#### [Task prompt]
Within the listing that follows, reproduce exactly the lines starting at the line with "Het perceel waarop" and ending at the line with "Перекус. Хлебцы др.", inclusive, and only those. Pictures are dropped.

#### [Given records]
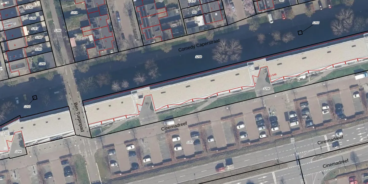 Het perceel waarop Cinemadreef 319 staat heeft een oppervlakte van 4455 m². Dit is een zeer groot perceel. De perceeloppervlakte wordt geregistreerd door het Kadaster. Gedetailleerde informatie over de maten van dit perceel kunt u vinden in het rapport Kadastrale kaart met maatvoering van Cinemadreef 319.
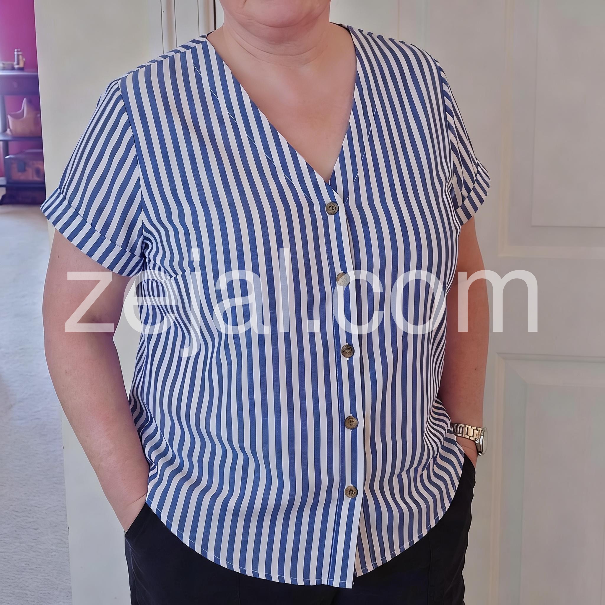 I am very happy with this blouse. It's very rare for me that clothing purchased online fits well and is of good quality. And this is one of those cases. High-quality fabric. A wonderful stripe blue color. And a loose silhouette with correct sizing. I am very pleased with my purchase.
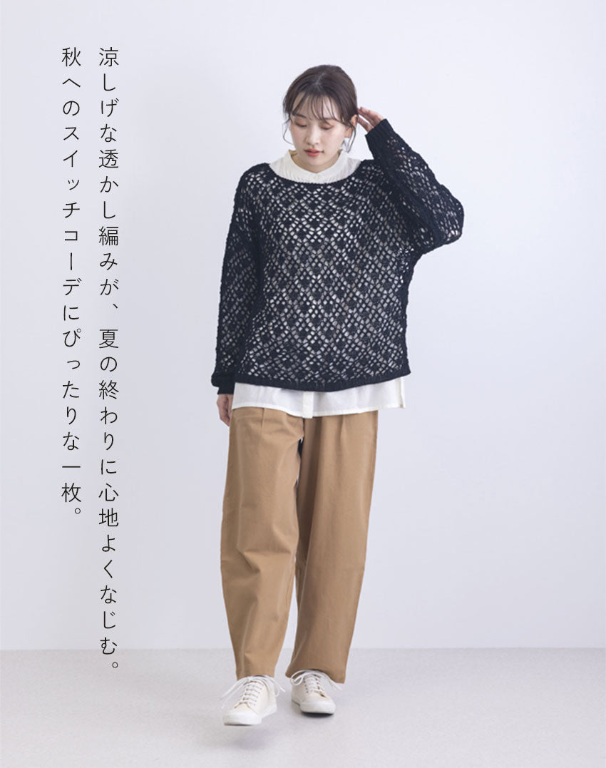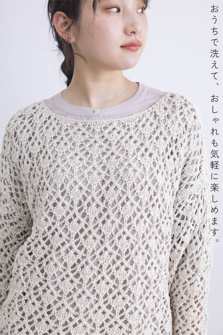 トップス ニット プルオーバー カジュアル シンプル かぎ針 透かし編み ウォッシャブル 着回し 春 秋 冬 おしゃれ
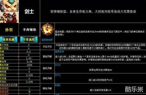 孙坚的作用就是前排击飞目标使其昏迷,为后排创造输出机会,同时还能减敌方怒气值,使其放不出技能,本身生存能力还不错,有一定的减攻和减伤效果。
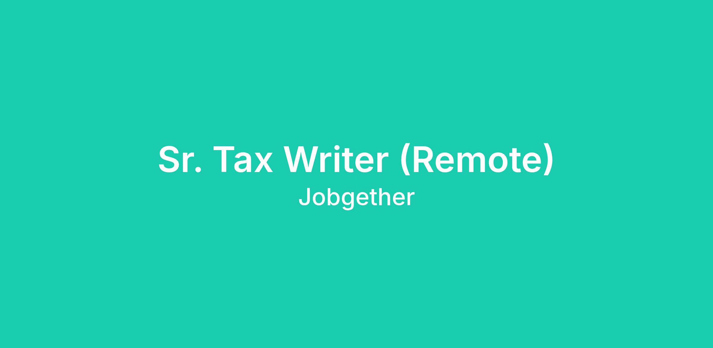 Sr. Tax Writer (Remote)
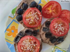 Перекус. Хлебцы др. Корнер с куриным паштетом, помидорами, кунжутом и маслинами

* * *

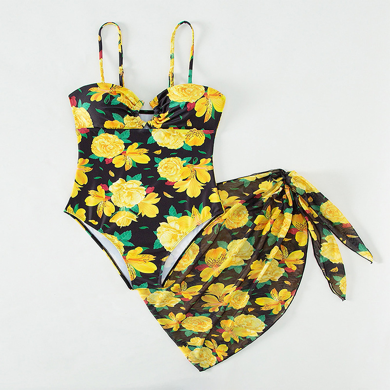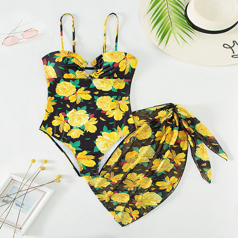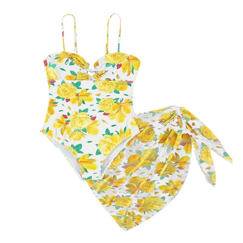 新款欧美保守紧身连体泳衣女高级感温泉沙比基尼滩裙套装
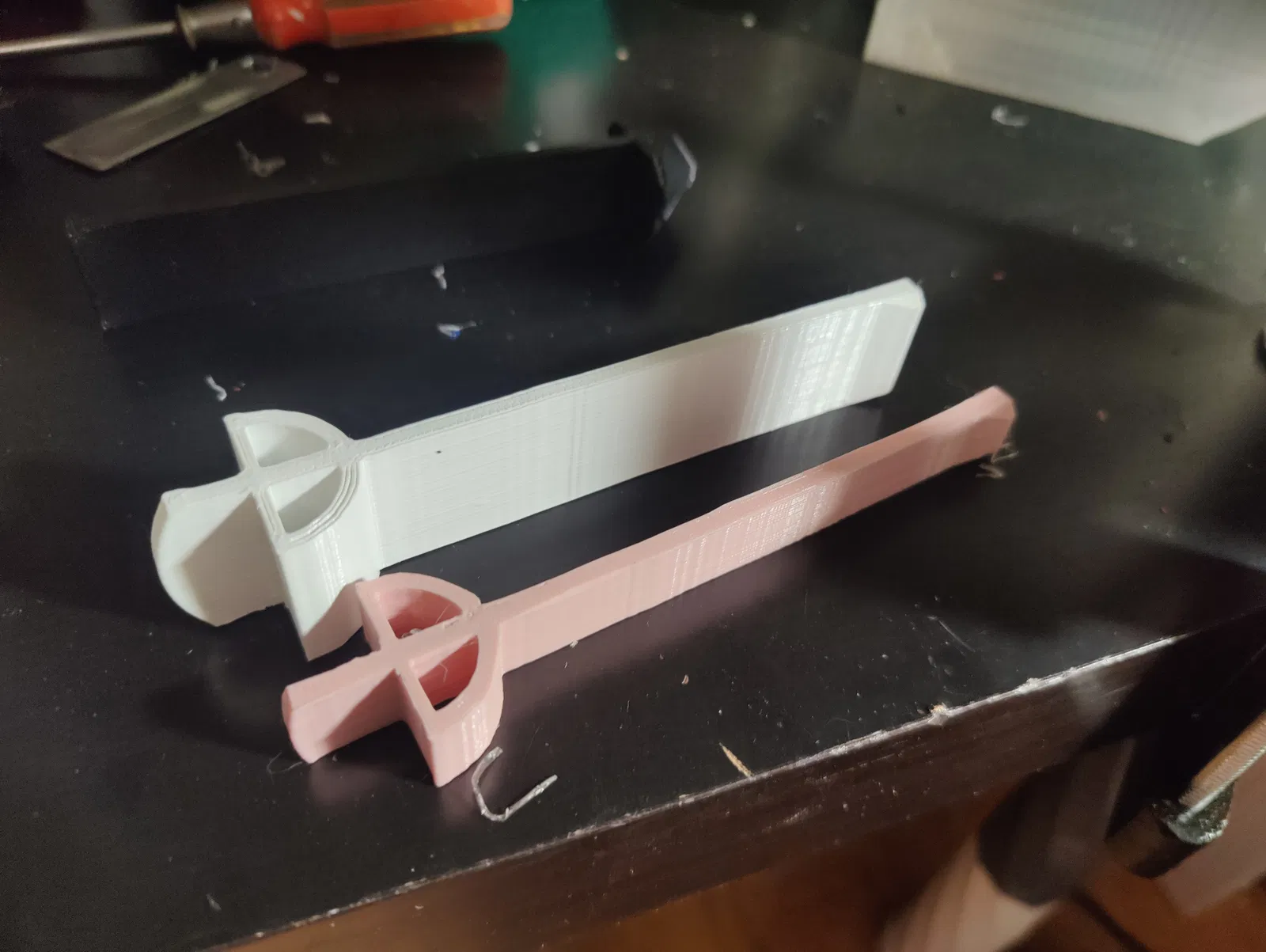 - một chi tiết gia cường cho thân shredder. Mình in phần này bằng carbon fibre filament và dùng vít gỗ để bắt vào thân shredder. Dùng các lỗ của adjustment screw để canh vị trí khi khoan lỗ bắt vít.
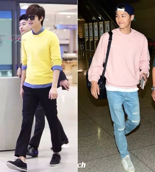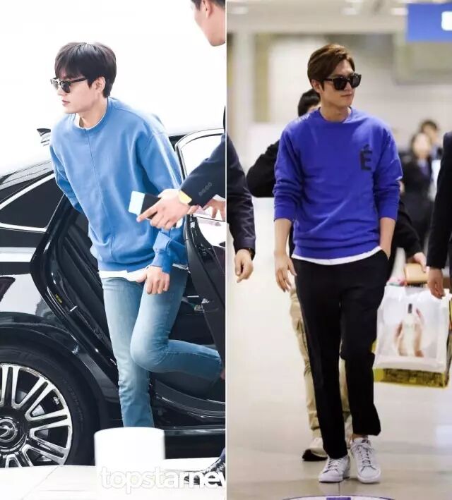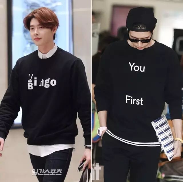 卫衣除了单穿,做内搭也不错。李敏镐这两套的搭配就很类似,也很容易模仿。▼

==

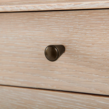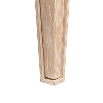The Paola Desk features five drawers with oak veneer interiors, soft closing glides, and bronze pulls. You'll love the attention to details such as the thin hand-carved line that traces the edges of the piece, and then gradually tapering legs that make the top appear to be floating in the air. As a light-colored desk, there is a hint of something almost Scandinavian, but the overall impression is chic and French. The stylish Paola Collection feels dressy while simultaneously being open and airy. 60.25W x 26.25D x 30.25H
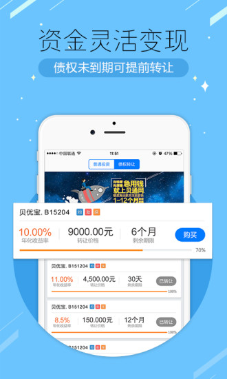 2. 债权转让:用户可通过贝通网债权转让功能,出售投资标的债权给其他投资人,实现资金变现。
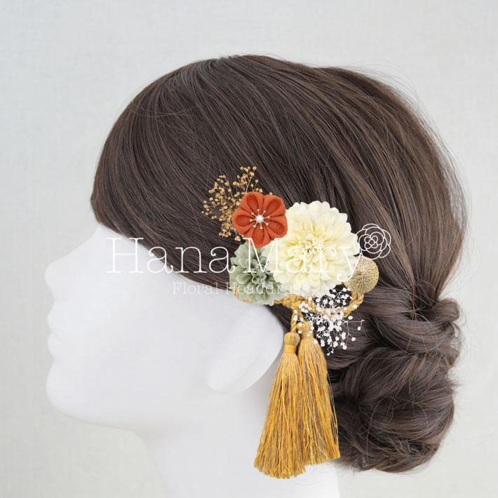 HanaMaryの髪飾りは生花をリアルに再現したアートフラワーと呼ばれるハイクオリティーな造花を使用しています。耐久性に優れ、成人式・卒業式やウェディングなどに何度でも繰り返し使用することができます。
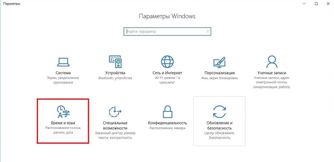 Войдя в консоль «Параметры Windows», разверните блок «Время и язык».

#### [Answer space]
 Het perceel waarop Cinemadreef 319 staat heeft een oppervlakte van 4455 m². Dit is een zeer groot perceel. De perceeloppervlakte wordt geregistreerd door het Kadaster. Gedetailleerde informatie over de maten van dit perceel kunt u vinden in het rapport Kadastrale kaart met maatvoering van Cinemadreef 319.
 I am very happy with this blouse. It's very rare for me that clothing purchased online fits well and is of good quality. And this is one of those cases. High-quality fabric. A wonderful stripe blue color. And a loose silhouette with correct sizing. I am very pleased with my purchase.
 トップス ニット プルオーバー カジュアル シンプル かぎ針 透かし編み ウォッシャブル 着回し 春 秋 冬 おしゃれ
 孙坚的作用就是前排击飞目标使其昏迷,为后排创造输出机会,同时还能减敌方怒气值,使其放不出技能,本身生存能力还不错,有一定的减攻和减伤效果。
 Sr. Tax Writer (Remote)
 Перекус. Хлебцы др. Корнер с куриным паштетом, помидорами, кунжутом и маслинами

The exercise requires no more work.